É a ferocidade, é o ódio, é a blasfêmia, é o desespero atroz. Quantos gritos e clamores de revolta, de desalento e alguns…, já de arrependimento.
Tudo eu tive na vida, mas perdi pela vaidade e invigilância. Hoje, choro a dor das horas perdidas, na devassidão, nos vícios que me levaram a perder a minha vida por overdose. Dizem que morri.
Será que morri?
Sinto-me mais viva do que nunca e mais infeliz, do que nunca.
O que eu fiz da minha vida?
Ó jovens, procurem viver de forma decente e feliz. Lembrem-se, Deus existe. Deus é Pai, Deus é amor, mas Deus também é justiça e misericórdia.

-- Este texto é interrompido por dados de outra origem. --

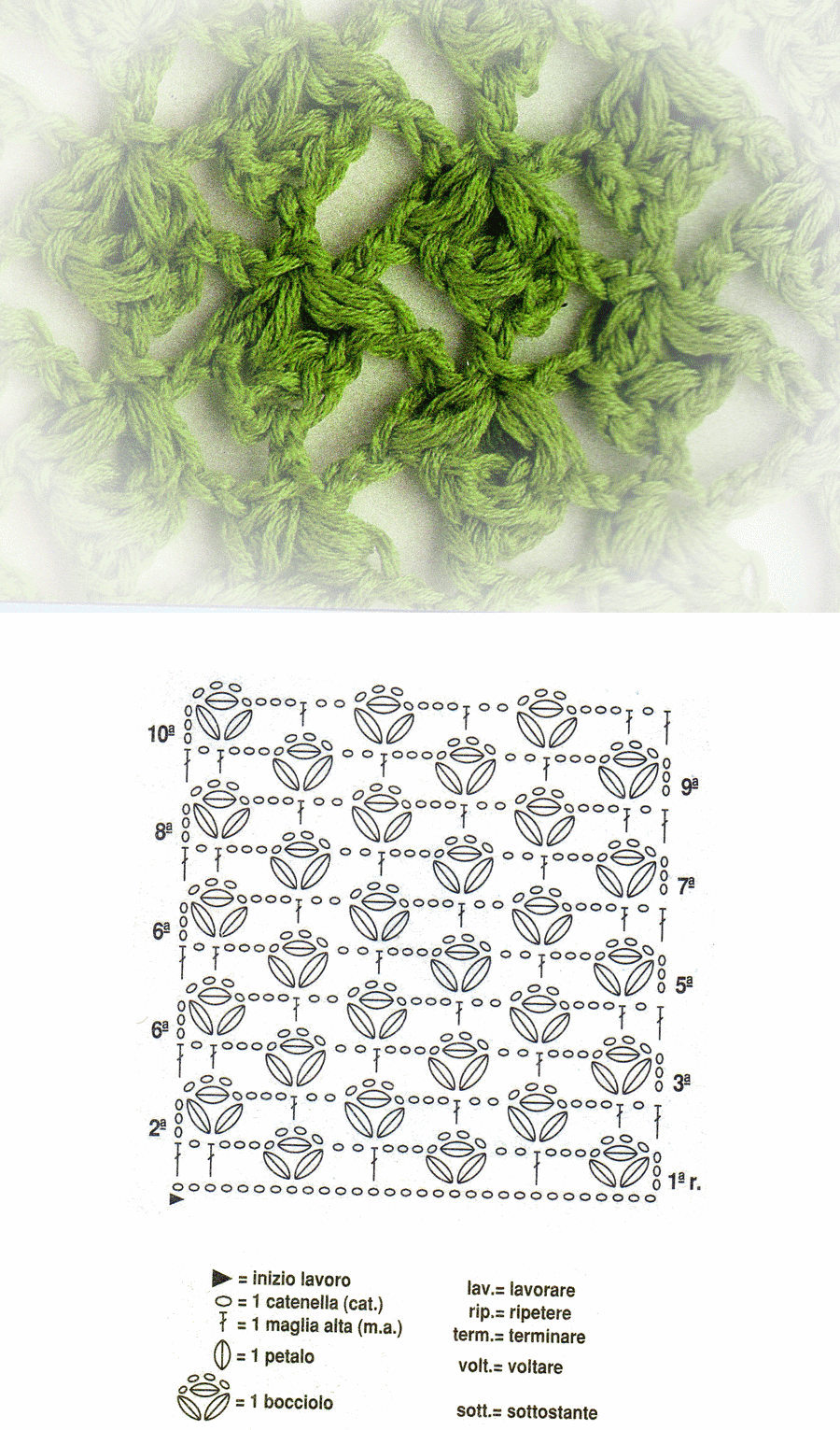 cat. (= 1 m. a.), saltare 1 cat., nella m. a. seguente lav. * 1 bocciolo, 3

Passeiem, divirtam-se de forma sadia, mas não se suicidem jamais. Vou deixá-los e seguir com estes irmãos misericordiosos, que trabalham em nome de Deus, de Jesus e de Maria.
Pensem bem, vivam em paz.
Sigam as pegadas de Jesus e não se suicidem, porque o suicídio é o ato mais vil, que comete o ser humano.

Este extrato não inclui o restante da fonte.